▶ WHAT TO DO
From the material below, please set down exactly the lines starting with the one with "新美仓 缎面真丝内里透染小羊皮尖头三色小猫跟两穿鞋 夏季新款" and going on through the one with "Термостат Gessi HI-FI", without a single picture.

▶ PROVIDED INFORMATION
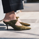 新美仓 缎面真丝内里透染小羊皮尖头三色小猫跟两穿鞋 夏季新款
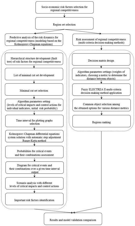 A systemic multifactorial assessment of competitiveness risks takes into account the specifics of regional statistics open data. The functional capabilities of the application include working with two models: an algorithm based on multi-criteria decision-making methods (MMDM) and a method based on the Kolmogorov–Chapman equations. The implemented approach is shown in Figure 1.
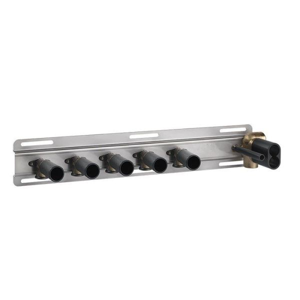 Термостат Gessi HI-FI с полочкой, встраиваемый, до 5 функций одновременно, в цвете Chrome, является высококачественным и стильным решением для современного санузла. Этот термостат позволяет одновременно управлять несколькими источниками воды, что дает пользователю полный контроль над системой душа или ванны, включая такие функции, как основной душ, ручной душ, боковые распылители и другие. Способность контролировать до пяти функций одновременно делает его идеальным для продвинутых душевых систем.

--

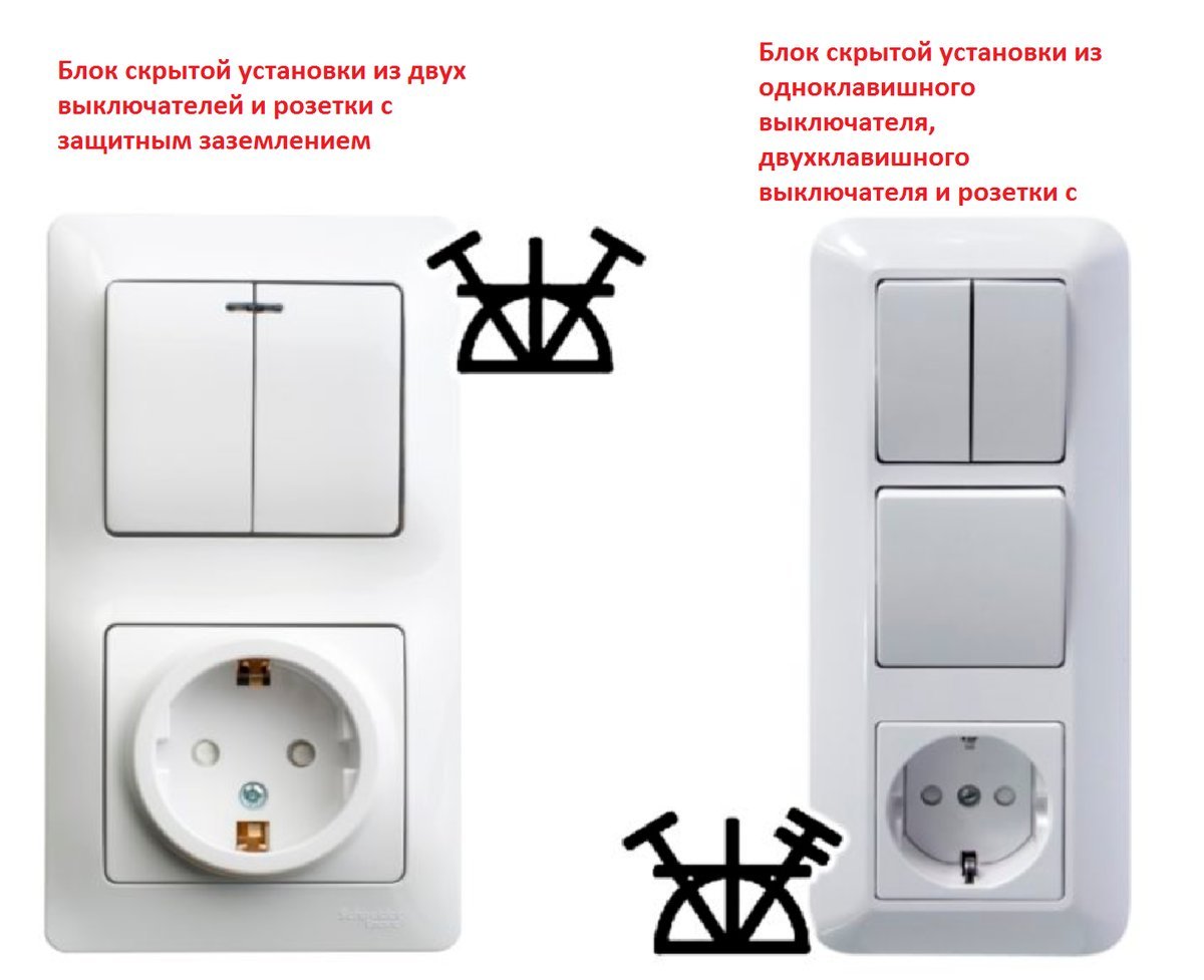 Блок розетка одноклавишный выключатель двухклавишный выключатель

▶ SOLUTION
 新美仓 缎面真丝内里透染小羊皮尖头三色小猫跟两穿鞋 夏季新款
 A systemic multifactorial assessment of competitiveness risks takes into account the specifics of regional statistics open data. The functional capabilities of the application include working with two models: an algorithm based on multi-criteria decision-making methods (MMDM) and a method based on the Kolmogorov–Chapman equations. The implemented approach is shown in Figure 1.
 Термостат Gessi HI-FI с полочкой, встраиваемый, до 5 функций одновременно, в цвете Chrome, является высококачественным и стильным решением для современного санузла. Этот термостат позволяет одновременно управлять несколькими источниками воды, что дает пользователю полный контроль над системой душа или ванны, включая такие функции, как основной душ, ручной душ, боковые распылители и другие. Способность контролировать до пяти функций одновременно делает его идеальным для продвинутых душевых систем.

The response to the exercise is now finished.